▶ **PROBLEM**: In the listing below, locate the line with "The North Face" and the line with "7月10日 京都市を少しでも", then output both and everything between them exactly, minus any pictures.

▶ **RECORDS TO PROCESS**:

--

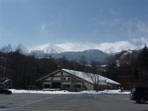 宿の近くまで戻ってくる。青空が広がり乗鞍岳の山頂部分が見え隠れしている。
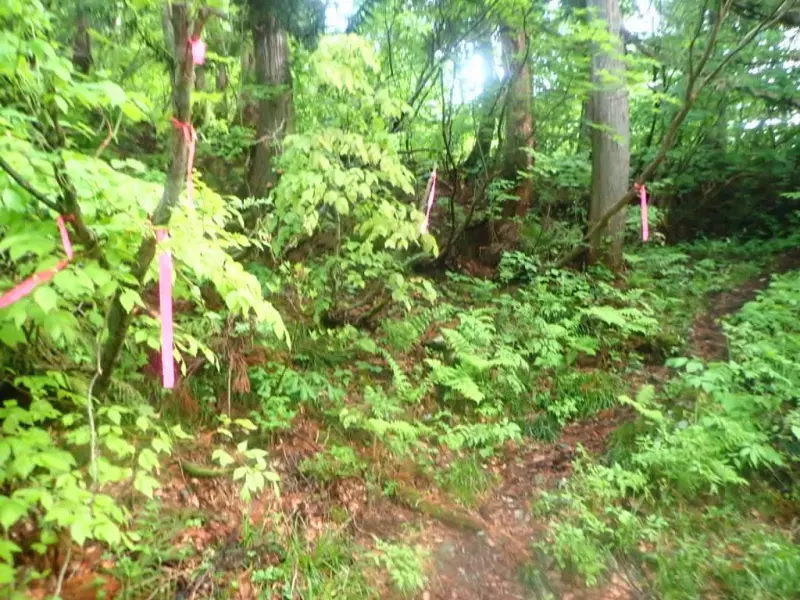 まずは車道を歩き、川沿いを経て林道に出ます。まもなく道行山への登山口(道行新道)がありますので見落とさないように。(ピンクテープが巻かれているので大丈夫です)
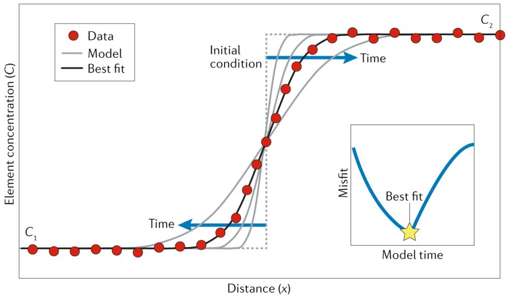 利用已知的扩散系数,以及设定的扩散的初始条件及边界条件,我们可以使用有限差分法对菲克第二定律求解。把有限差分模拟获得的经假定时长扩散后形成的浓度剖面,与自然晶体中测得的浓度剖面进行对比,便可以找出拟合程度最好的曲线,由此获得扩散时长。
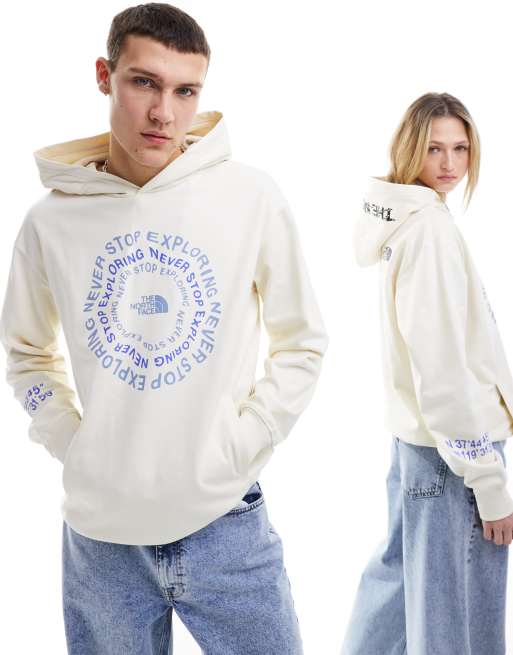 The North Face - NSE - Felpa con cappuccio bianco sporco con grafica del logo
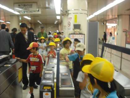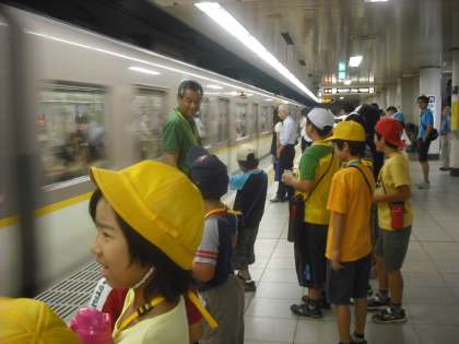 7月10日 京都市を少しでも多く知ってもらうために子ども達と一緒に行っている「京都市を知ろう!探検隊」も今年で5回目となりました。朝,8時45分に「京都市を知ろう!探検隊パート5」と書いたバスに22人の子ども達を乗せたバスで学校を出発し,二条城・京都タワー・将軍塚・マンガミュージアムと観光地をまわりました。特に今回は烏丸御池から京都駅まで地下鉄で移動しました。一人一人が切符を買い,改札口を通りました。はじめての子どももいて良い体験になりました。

--

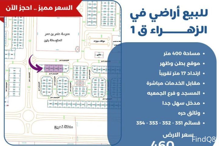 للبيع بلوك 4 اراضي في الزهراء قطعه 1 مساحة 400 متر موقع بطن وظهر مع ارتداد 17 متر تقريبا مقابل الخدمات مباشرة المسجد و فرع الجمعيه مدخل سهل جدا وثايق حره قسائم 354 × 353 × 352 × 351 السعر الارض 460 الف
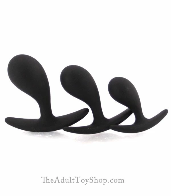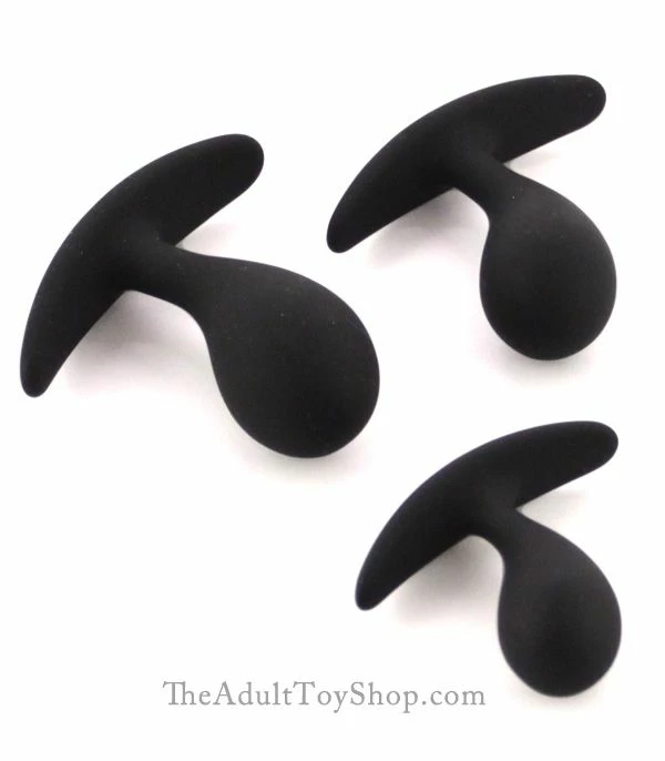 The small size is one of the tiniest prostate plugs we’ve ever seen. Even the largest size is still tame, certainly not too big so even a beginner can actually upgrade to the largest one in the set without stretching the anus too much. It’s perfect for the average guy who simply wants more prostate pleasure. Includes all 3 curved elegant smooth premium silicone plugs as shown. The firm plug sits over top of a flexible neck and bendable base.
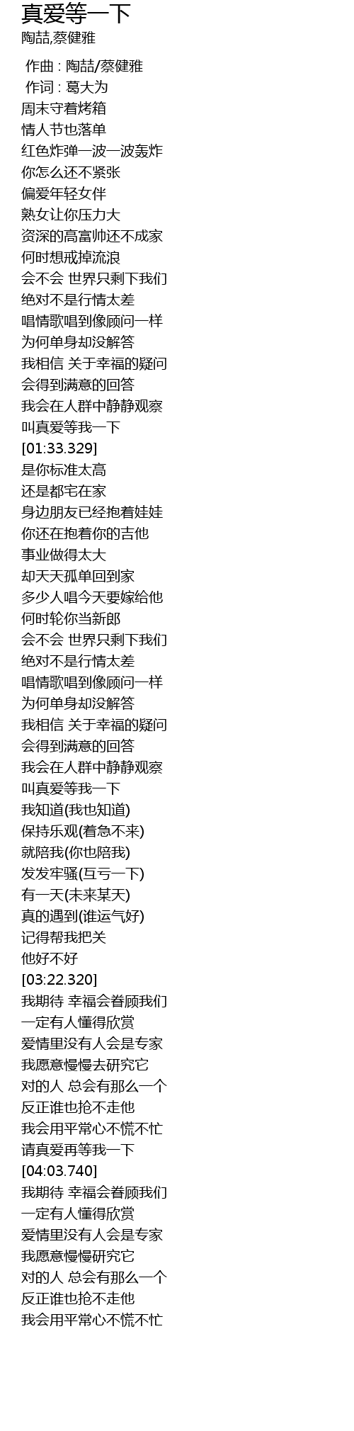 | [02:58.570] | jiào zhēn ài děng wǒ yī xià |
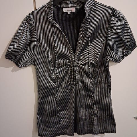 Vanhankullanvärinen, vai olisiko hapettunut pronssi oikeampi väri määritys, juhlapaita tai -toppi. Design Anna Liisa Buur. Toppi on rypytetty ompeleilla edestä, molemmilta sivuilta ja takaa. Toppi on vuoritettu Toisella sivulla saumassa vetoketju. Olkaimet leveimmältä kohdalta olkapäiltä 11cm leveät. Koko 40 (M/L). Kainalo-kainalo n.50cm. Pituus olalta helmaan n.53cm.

--

▶ **TASK RESPONSE**:
 The North Face - NSE - Felpa con cappuccio bianco sporco con grafica del logo
 7月10日 京都市を少しでも多く知ってもらうために子ども達と一緒に行っている「京都市を知ろう!探検隊」も今年で5回目となりました。朝,8時45分に「京都市を知ろう!探検隊パート5」と書いたバスに22人の子ども達を乗せたバスで学校を出発し,二条城・京都タワー・将軍塚・マンガミュージアムと観光地をまわりました。特に今回は烏丸御池から京都駅まで地下鉄で移動しました。一人一人が切符を買い,改札口を通りました。はじめての子どももいて良い体験になりました。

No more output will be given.